Verizon picks LiMo Linux instead of Android

Verizon Wireless has joined the Linux Mobile Foundation, a consortium that has big names like LG, NEC, Motorola, Samsung and NTT DoCoMo as it’s members and whose goal is to develop their own Linux-based mobile platform.

The first phones based on said platform should come out by the end of 2008. Verizon on the other hand should release their first LiMo handsets “well into 2009”.

You might have expected Verizon to go with Android, but surprisingly the company found Google’s mobile Linux platform not “open enough”.
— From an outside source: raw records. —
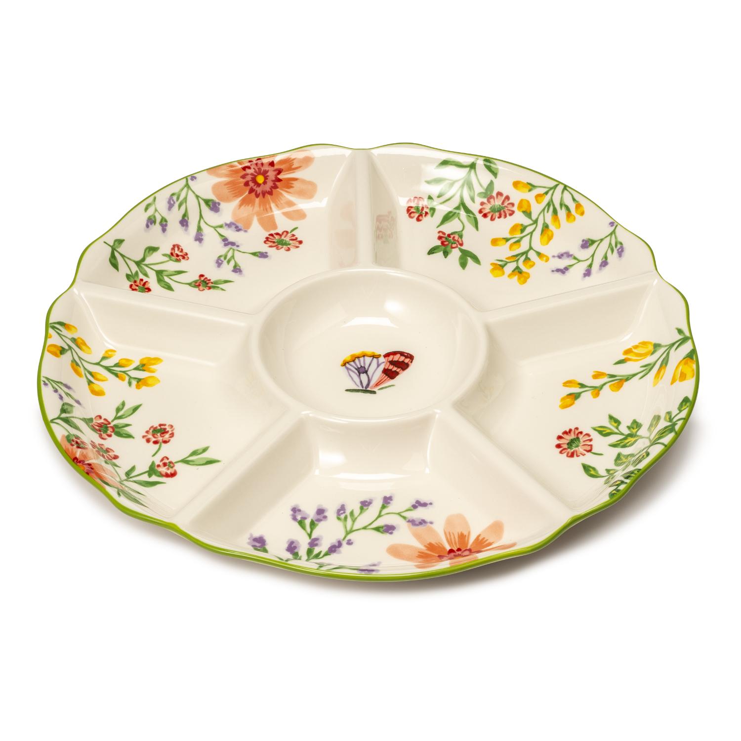 L'antipastiera Bouquet di Palais Royal è la fusione perfetta tra raffinatezza e funzionalità. Con un diametro di 38 cm e sei scomparti, è ideale per servire antipasti, stuzzichini e dolci con uno stile unico.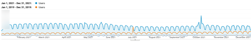 下面的网站流量走势图说明一切。“自然”是指仅来自搜索引擎的流量(不包括社交媒体,付费广告等)。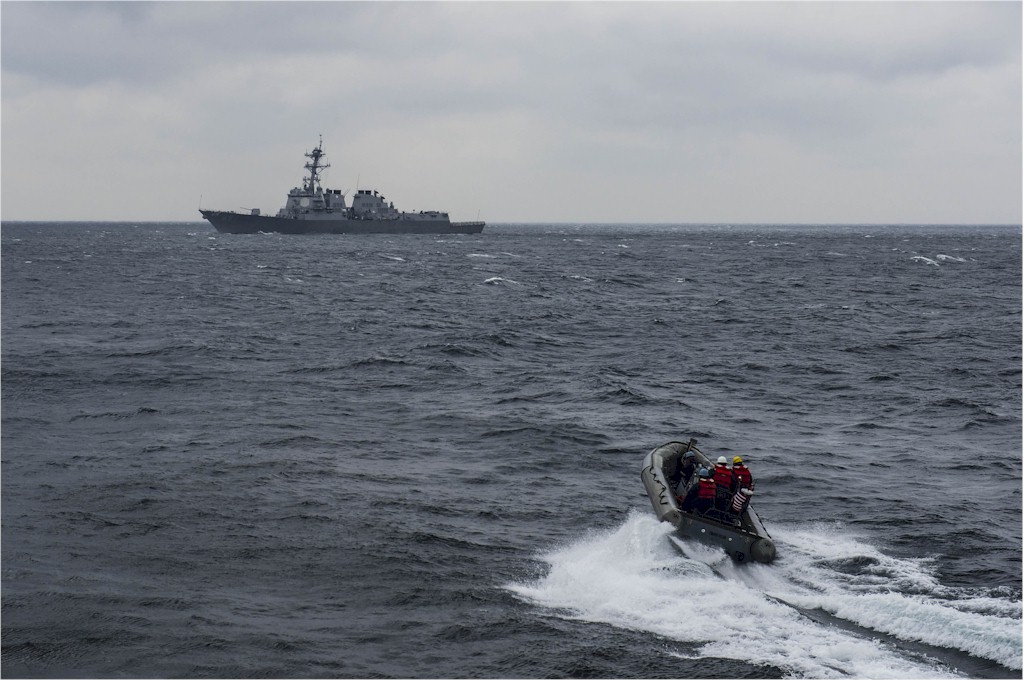 | 160k | 150408-N-ZZ786-134. Waters South of Japan, April 8 2015, a rigid-hull inflatable boat assigned to the Arleigh Burke-class guided-missile cruiser USS Mustin (DDG-89) transits to the Arleigh Burke-class guided-missile cruiser USS Preble (DDG-88) for a personnel transfer. Mustin is on patrol in the U.S. 7th Fleet area of responsibility in support of security and stability in the Indo-Asia-Pacific region. U.S. Navy photo by Mass Communication Specialist David Flewellyn. | Ron Reeves |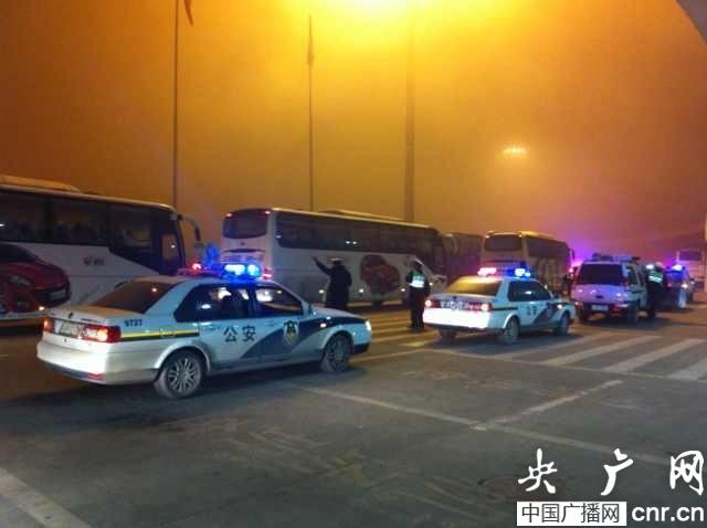 8日夜間,交警在機(jī)場高速指揮疏導(dǎo)。(央廣網(wǎng)記者 景明 攝)

Here’s an official quote from Verizon as published on TheRegister:

We chose LiMo because it’s a collaborative effort. It’s not just one company runs the place. We like that. We like a collegial and collaborative effort, where there is no barrier to entry on the part of developers and, at the end of the day, there is no one entity that can say ‘OK, here’s how we were playing now. The rules are changed.

LiMo will be our preferred OS because of this openness.
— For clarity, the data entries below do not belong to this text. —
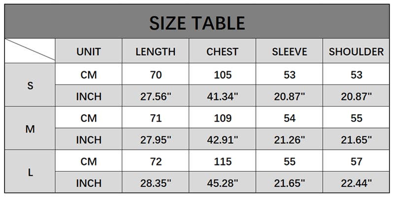 OUR PRODUCT SIZE STANDARDS ARE DIFFERENT, PLEASE CHECK THE SIZE INFORMATION BEFORE PLACING AN ORDER MADE IN CHINA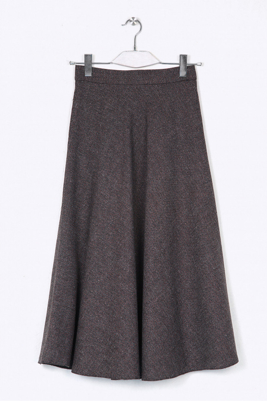 стиле. Выполнена из фактурной тёмно-серой полушерсти с мелким вкраплением краснойнити. Модель средней длины, с боковыми карманами, сзади имеется застёжка «молния». Образ на фото дополнен блузкой B2285-russet . Рост фотомодели 177 см.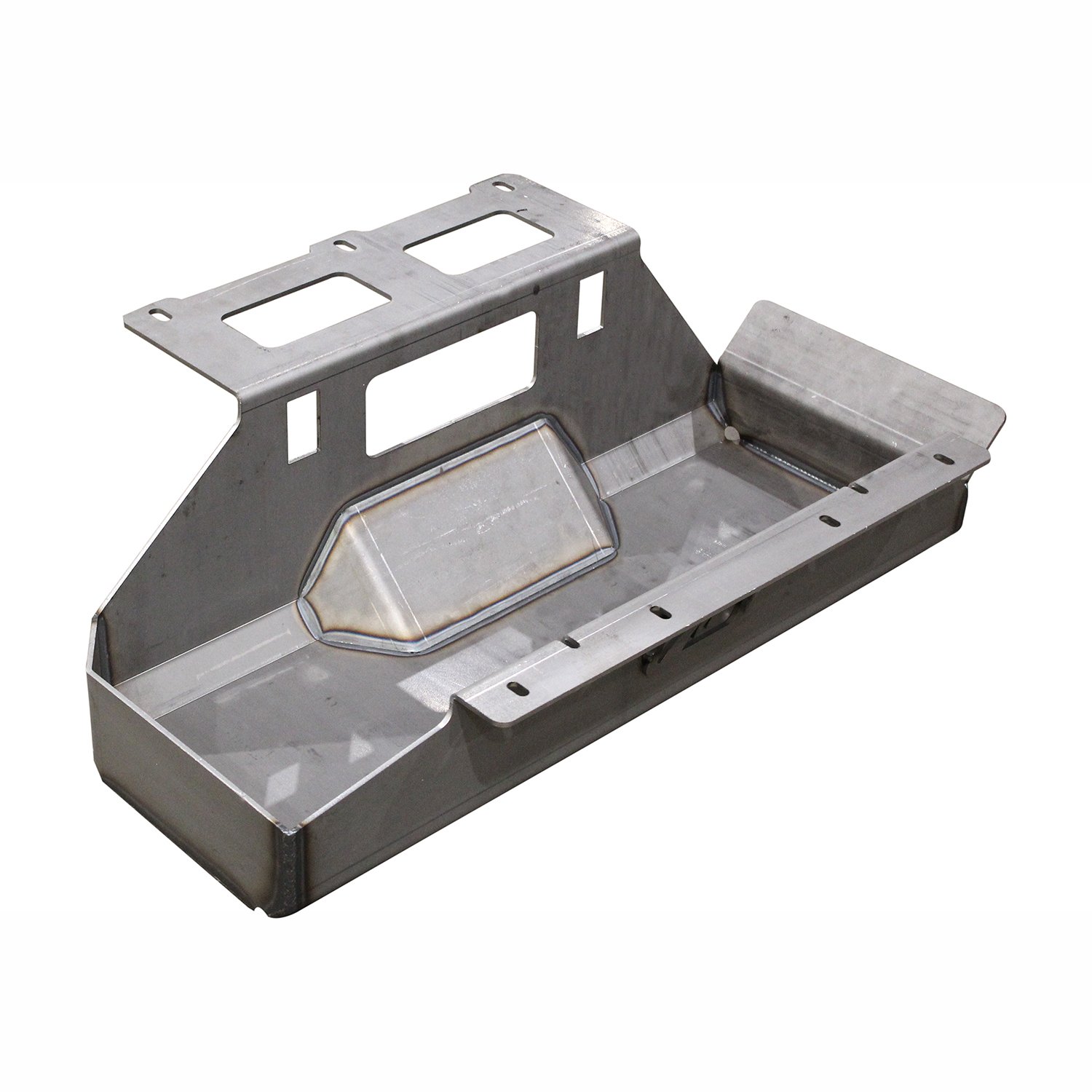 The skid plate portion of the assembly is also laser cut and CNC formed here in house at Motobilt. It is constructed of 3/16 inch thick steel plate and features the Motobilt logo on the rear face. The tank is shipped bare aluminum. The skid plate and hold down straps for the tank are shipped bare steel and do require painting or powder coating before install. The kit also includes bolt plates to hold down the factory sending unit.
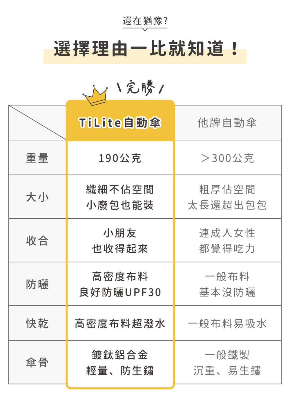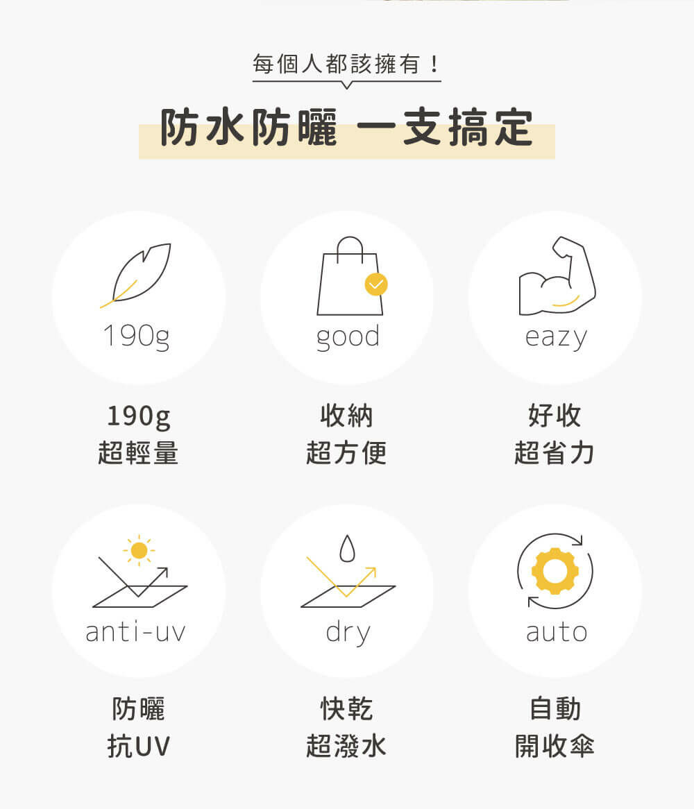 雨傘是自動的,而且重量僅有190g!

The LiMo platform supports native application development, offers Java SDK and allows building of HTML & JavaScript widgets. It might be true that it gives a bit more freedom for software developers than Android (which doesn’t support native libraries, at least not officially), but the real motive of Verizon might be getting a place in the LiMo board.
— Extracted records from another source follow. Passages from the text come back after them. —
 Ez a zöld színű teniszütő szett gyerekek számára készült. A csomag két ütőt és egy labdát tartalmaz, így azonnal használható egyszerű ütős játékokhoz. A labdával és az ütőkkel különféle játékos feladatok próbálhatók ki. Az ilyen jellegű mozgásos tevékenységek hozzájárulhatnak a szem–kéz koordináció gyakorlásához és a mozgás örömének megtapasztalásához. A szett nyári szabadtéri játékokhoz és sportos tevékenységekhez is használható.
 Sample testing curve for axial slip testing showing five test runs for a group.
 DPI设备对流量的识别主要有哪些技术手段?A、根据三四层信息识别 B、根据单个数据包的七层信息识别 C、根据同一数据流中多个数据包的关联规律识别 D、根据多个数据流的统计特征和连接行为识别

While it’s true that LiMo is now the Verizon’s “OS of choice”, the company official was very clear on the fact that it’s their intention to offer smartphones with many other OSes as well, letting the customers have a choice. That means Google’s Android still has a chance with the second largest wireless carrier in US.

What’s more, Verizon has promised their customers that they will allow attaching any device to their wireless network by the end of the year – as long as it meets certain requirements. Right now only handsets sold by Verizon can be used with the company’s network. Could it be that Verizon is looking to get out of the phone selling business and leave it to the phone producers to deal with support?